Match Prediction in League of Legends Using Vanilla Deep Neural Network

Learn about the League of Legends match prediction model that shows about 70% accuracy with its unique input features.

Seouk Jun Kim

Published in

Towards Data Science

9 min readApr 18, 2020

Why Study Win Prediction in E-sports Games?

The first general public response is money, and true, maybe money could be made with a sufficiently successful prediction model, but perhaps that is just looking at the small picture.

A bigger picture can be seen by dissecting the model. A successful win prediction model tells us exactly what contributes to the victory of a match.

For example, suppose that one of the data points used in the prediction model is player height.
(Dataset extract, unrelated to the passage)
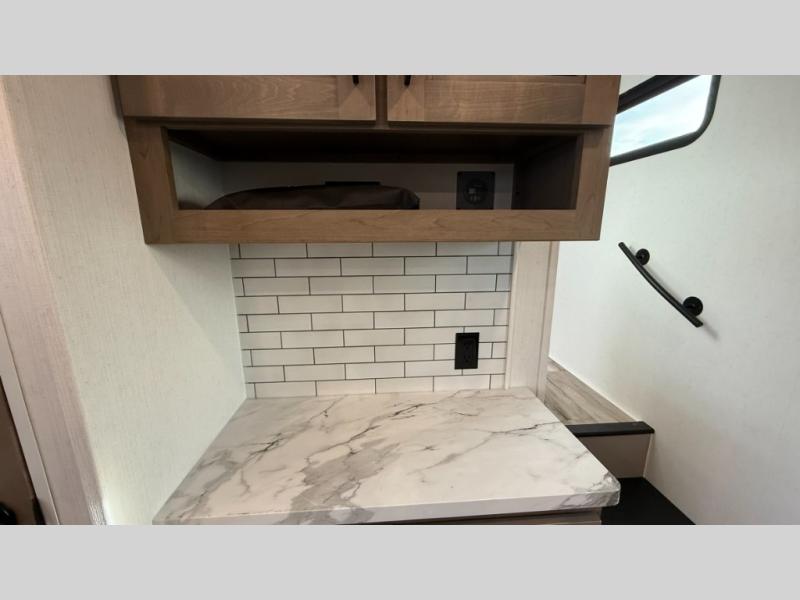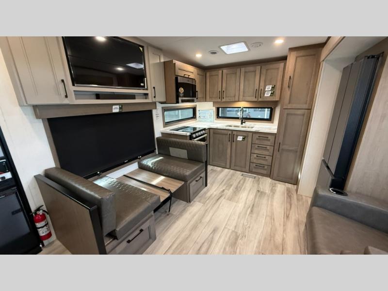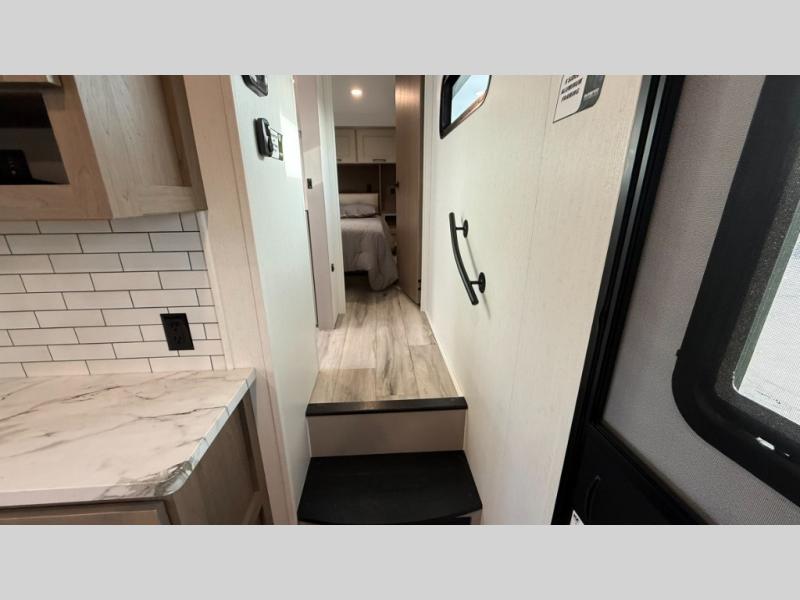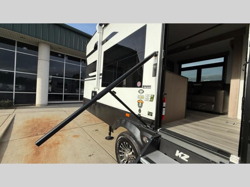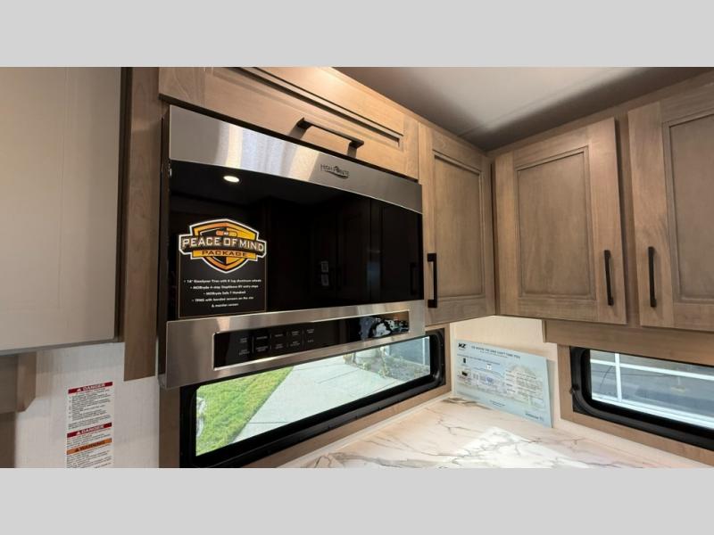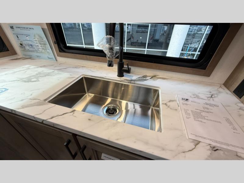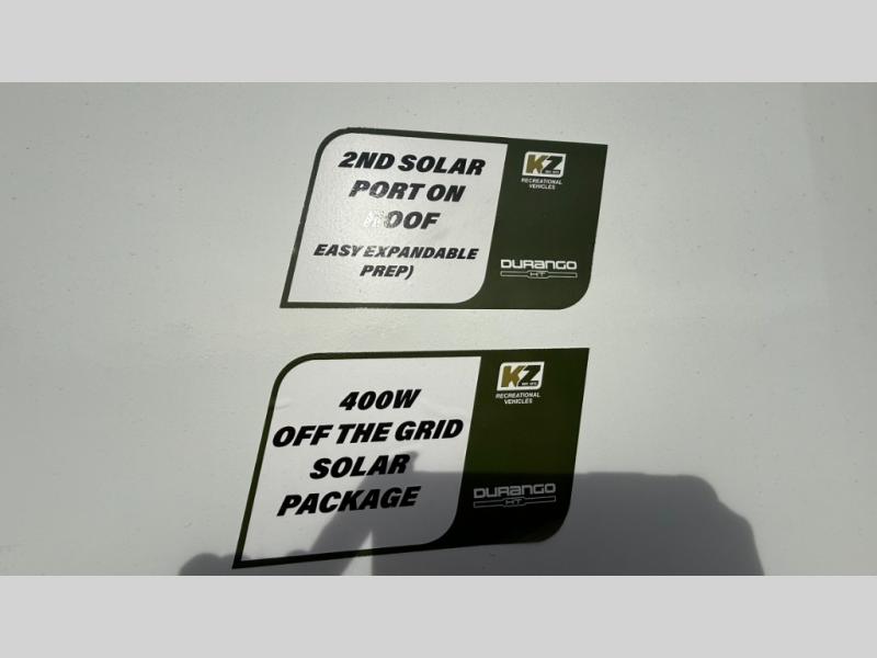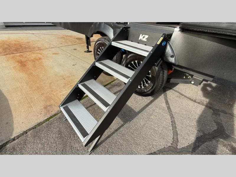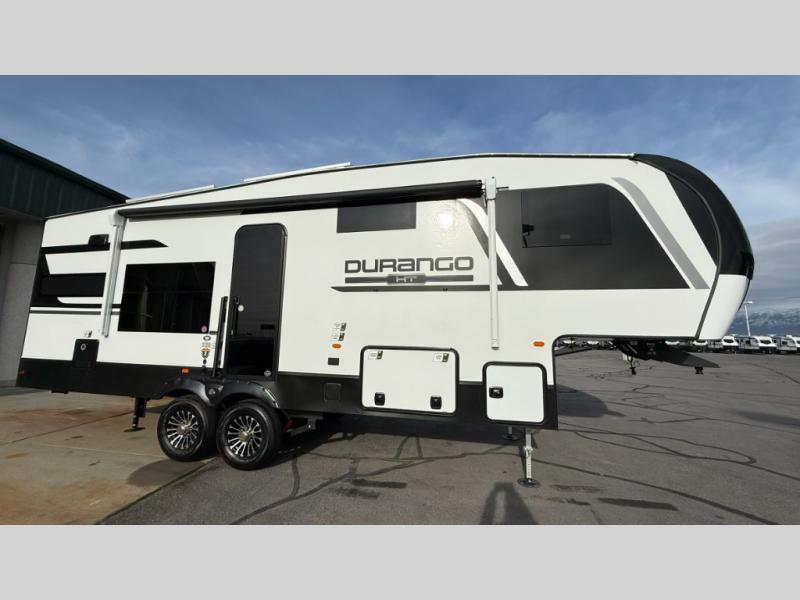 Each Durango Half-Ton fifth wheel by KZ provides lightweight towing with interior luxuries galore! Controlling the functions of your unit will be a breeze with the KZ Engage powered by OneControl that includes new integrated buttons & screen to control awnings, lights, tanks, and more. There are so many exterior conveniences to make each trip enjoyable, like the heated water convenience center, and the flip-up main entry steps! Durable construction includes Tufflex PVC roofing, Pex® in-floor heated waterlines & kitchen gray pipes, and a reinforced heavy-duty fiberglass front cap. The interior will feel more like a residential home with new blancher maple & morel fog cabinets, seamless countertops, a spacious shower, a redesigned front bedroom, and smart storage spaces! You can also customize your fifth wheel to fit your needs with available options, such as, generator prep, wireless backup camera prep, a 32" exterior TV with bracket, and so much more!

If it appears through the prediction model that the taller the average height of the team, the more likely that team is going to win the match, then we can derive from the prediction model that contrary to our beliefs, player height is actually crucial in winning a League match! This could fundamentally change the scouting system for professional League E-sports teams around the world.

Why care about E-sports industry in the first place, you might ask. Well, in 2019’s League of Legends World Championship, 44 million people concurrently watched the finals on November 10th, and 100 million unique viewers turned in for the event online. That exceeds the Super Bowl viewership number of that year.¹ And with the growing popularity of the industry, the numbers are expected to grow continually.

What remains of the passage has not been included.